Language as a biomarker for psychosis: A natural language processing approach.

作者信息

Corcoran Cheryl M, Mittal Vijay A, Bearden Carrie E, E Gur Raquel, Hitczenko Kasia, Bilgrami Zarina, Savic Aleksandar, Cecchi Guillermo A, Wolff Phillip

机构信息

Department of Psychiatry, Icahn School of Medicine at Mount Sinai, New York, NY, USA.

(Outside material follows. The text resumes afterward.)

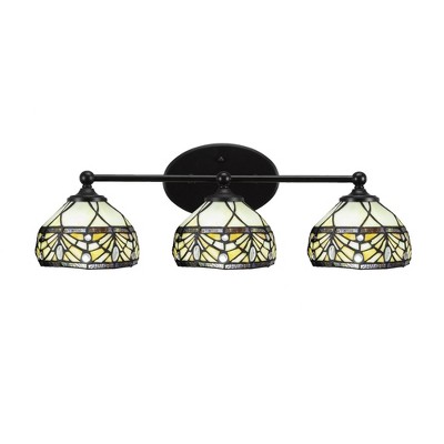 Toltec Lighting Capri 3 - Light Vanity in Matte Black with 7" Ivory Cypress Art Glass Shade

Department of Psychology, Northwestern University, Evanston, IL, USA.

出版信息

Schizophr Res. 2020 Dec;226:158-166. doi: 10.1016/j.schres.2020.04.032. Epub 2020 Jun 1.

Abstract

Human ratings of conceptual disorganization, poverty of content, referential cohesion and illogical thinking have been shown to predict psychosis onset in prospective clinical high risk (CHR) cohort studies. The potential value of linguistic biomarkers has been significantly magnified, however, by recent advances in natural language processing (NLP) and machine learning (ML). Such methodologies allow for the rapid and objective measurement of language features, many of which are not easily recognized by human raters. Here we review the key findings on language production disturbance in psychosis. We also describe recent advances in the computational methods used to analyze language data, including methods for the automatic measurement of discourse coherence, syntactic complexity, poverty of content, referential coherence, and metaphorical language. Linguistic biomarkers of psychosis risk are now undergoing cross-validation, with attention to harmonization of methods. Future directions in extended CHR networks include studies of sources of variance, and combination with other promising biomarkers of psychosis risk, such as cognitive and sensory processing impairments likely to be related to language. Implications for the broader study of social communication, including reciprocal prosody, face expression and gesture, are discussed.

摘要

在前瞻性临床高危(CHR)队列研究中,人类对概念紊乱、内容贫乏、指称连贯和逻辑思维的评分已被证明可预测精神病发作。然而,随着自然语言处理(NLP)和机器学习(ML)的最新进展,语言生物标志物的潜在价值得到了显著提升。此类方法能够快速、客观地测量语言特征,其中许多特征人类评估者并不容易识别。在此,我们回顾了关于精神病语言产生障碍的关键发现。我们还描述了用于分析语言数据的计算方法的最新进展,包括用于自动测量语篇连贯、句法复杂性、内容贫乏、指称连贯和隐喻性语言的方法。精神病风险的语言生物标志物目前正在进行交叉验证,并注重方法的统一。扩展CHR网络的未来方向包括对变异来源的研究,以及与其他有前景的精神病风险生物标志物相结合,如可能与语言相关的认知和感觉加工障碍。本文还讨论了对包括相互韵律、面部表情和手势在内的社会交流更广泛研究的意义。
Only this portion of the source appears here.